Source records →
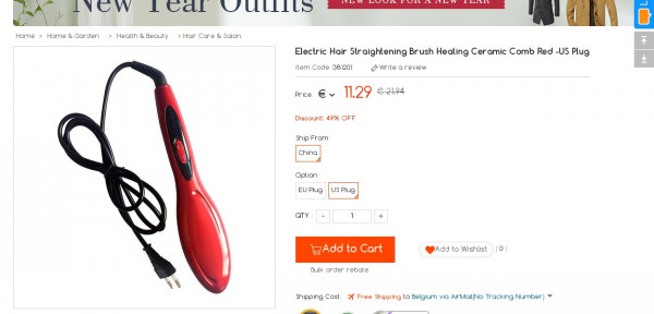 Recevez une réduction sur le Electric Hair Straightening Brush Heating Ceramic Comb Red (-1$) ou en utilisant le code LBWYAPHI. Ce bon plan est valable jusqu'au 25/01.
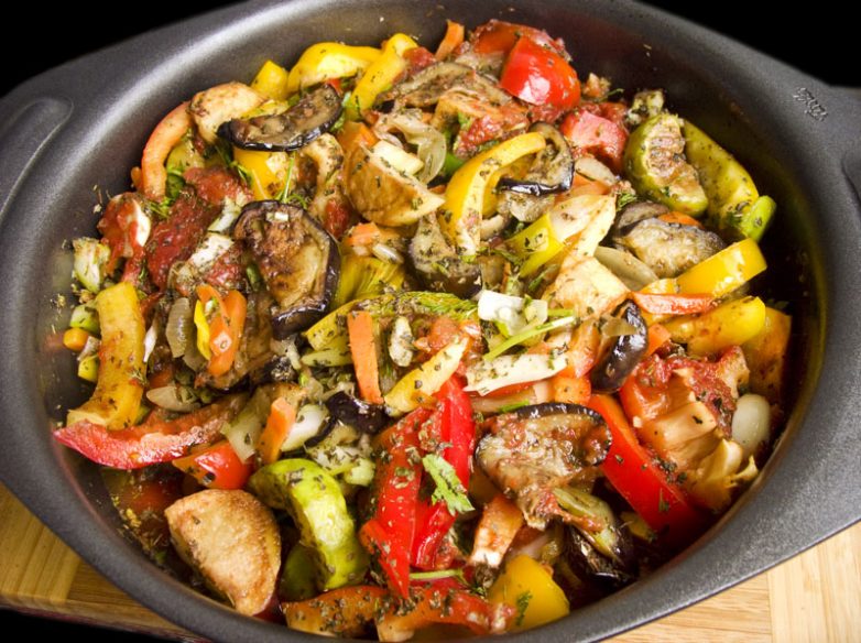 Когда все готово, жаровню с овощами, не закрывая крышкой, ставим в духовку разогретую до 170-180 градусов запекаться минут на 30.
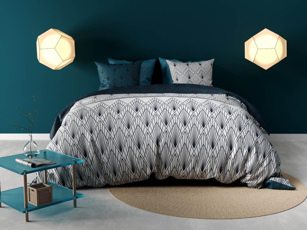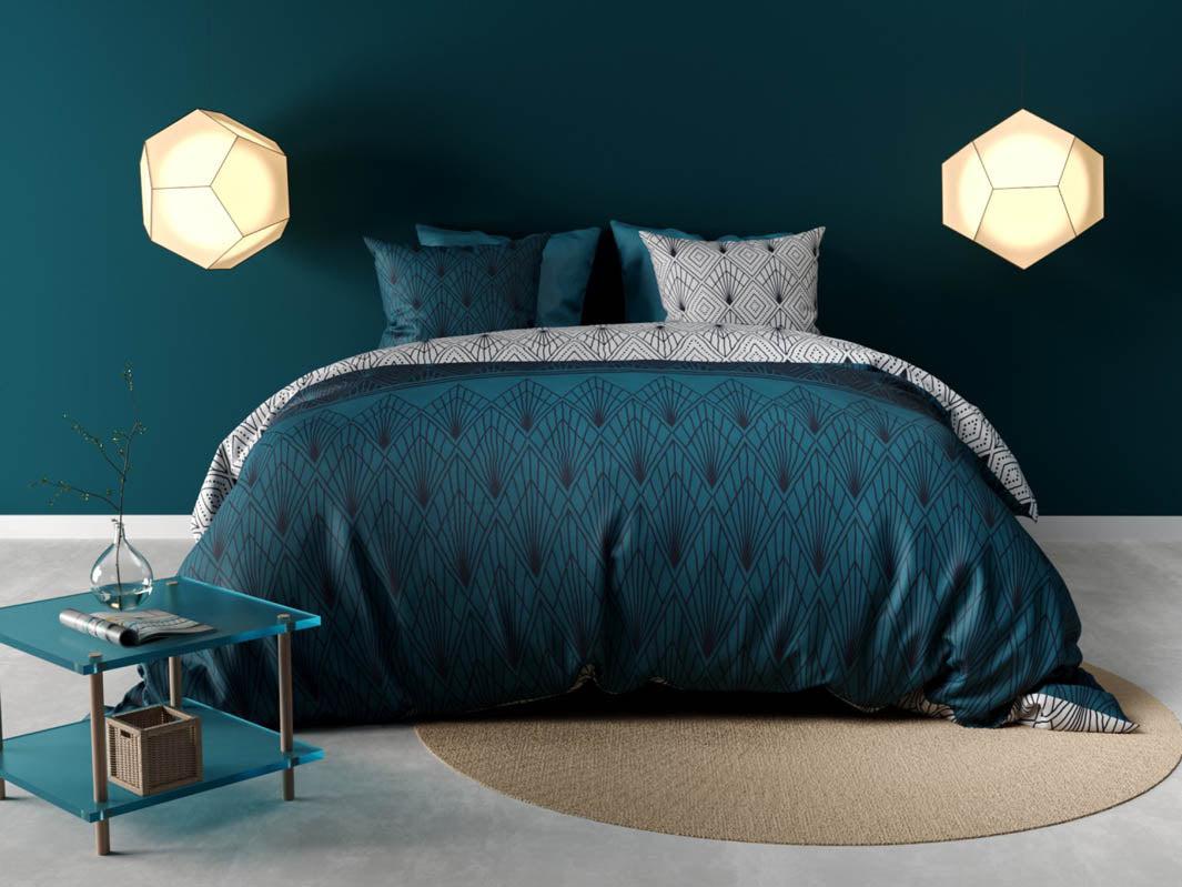 Parure de lit AGDAL reversible percale 240x220cm+2 taies 63cm
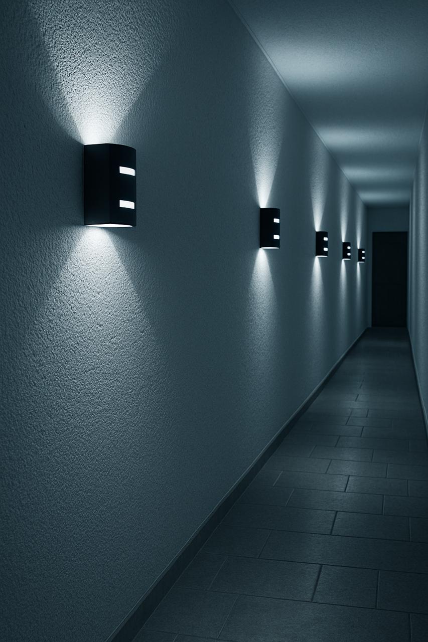 •Iluminación bidireccional (doppio): Proyección simétrica hacia arriba y hacia abajo, con haces de luz precisos que crean un efecto escultural sobre la pared.
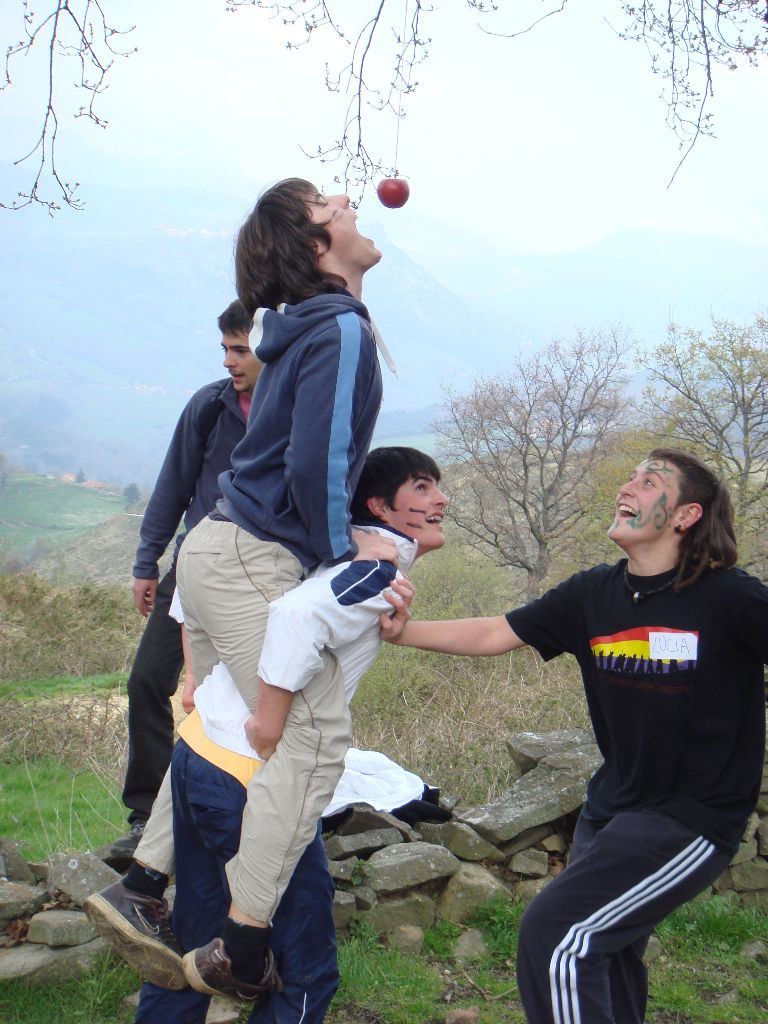 A partir de ahí se fue concretando la posibilidad de recrear, del modo más realista posible, las condiciones con que hubieron de vérselas nuestros antecesores, desde los tiempos de los cazadores-recolectores. En el bosque y luego en un albergue de montaña, alejados de toda civilización y tratando de alejarnos igualmente de las ideas previas o prejuicios acumulados en nuestro proceso de socialización, los alumnos y alumnas participantes, distribuidos en tribus, comenzarían una aventura en la que tendrían que buscar alimento y refugio al tiempo que se enfrentaban a diversos peligros y a la competencia entre tribus. En nuestra recreación algunos aspectos tenían que ser totalmente realistas, pues serían las necesidades básicas las que tendrían que dirigir la acción de los participantes, pero otros estarían expresados simbólicamente, como todo lo relacionado con la guerra y la violencia física, que habría de ser resuelto mediante juegos. Y desde un principio tuvimos claro que la actividad tendría que avanzar de forma totalmente autónoma, habiendo de ser los propios estudiantes quienes resuelvan sus conflictos, posicionándose ante la aparición de desigualdades o pobreza y creando instituciones que velen por el orden, la justicia y el bienestar social.

Your task →
What you should produce is an exact copy of the records, with the pictures left out.

Task answer →
 Recevez une réduction sur le Electric Hair Straightening Brush Heating Ceramic Comb Red (-1$) ou en utilisant le code LBWYAPHI. Ce bon plan est valable jusqu'au 25/01.
 Когда все готово, жаровню с овощами, не закрывая крышкой, ставим в духовку разогретую до 170-180 градусов запекаться минут на 30.
 Parure de lit AGDAL reversible percale 240x220cm+2 taies 63cm
 •Iluminación bidireccional (doppio): Proyección simétrica hacia arriba y hacia abajo, con haces de luz precisos que crean un efecto escultural sobre la pared.
 A partir de ahí se fue concretando la posibilidad de recrear, del modo más realista posible, las condiciones con que hubieron de vérselas nuestros antecesores, desde los tiempos de los cazadores-recolectores. En el bosque y luego en un albergue de montaña, alejados de toda civilización y tratando de alejarnos igualmente de las ideas previas o prejuicios acumulados en nuestro proceso de socialización, los alumnos y alumnas participantes, distribuidos en tribus, comenzarían una aventura en la que tendrían que buscar alimento y refugio al tiempo que se enfrentaban a diversos peligros y a la competencia entre tribus. En nuestra recreación algunos aspectos tenían que ser totalmente realistas, pues serían las necesidades básicas las que tendrían que dirigir la acción de los participantes, pero otros estarían expresados simbólicamente, como todo lo relacionado con la guerra y la violencia física, que habría de ser resuelto mediante juegos. Y desde un principio tuvimos claro que la actividad tendría que avanzar de forma totalmente autónoma, habiendo de ser los propios estudiantes quienes resuelvan sus conflictos, posicionándose ante la aparición de desigualdades o pobreza y creando instituciones que velen por el orden, la justicia y el bienestar social.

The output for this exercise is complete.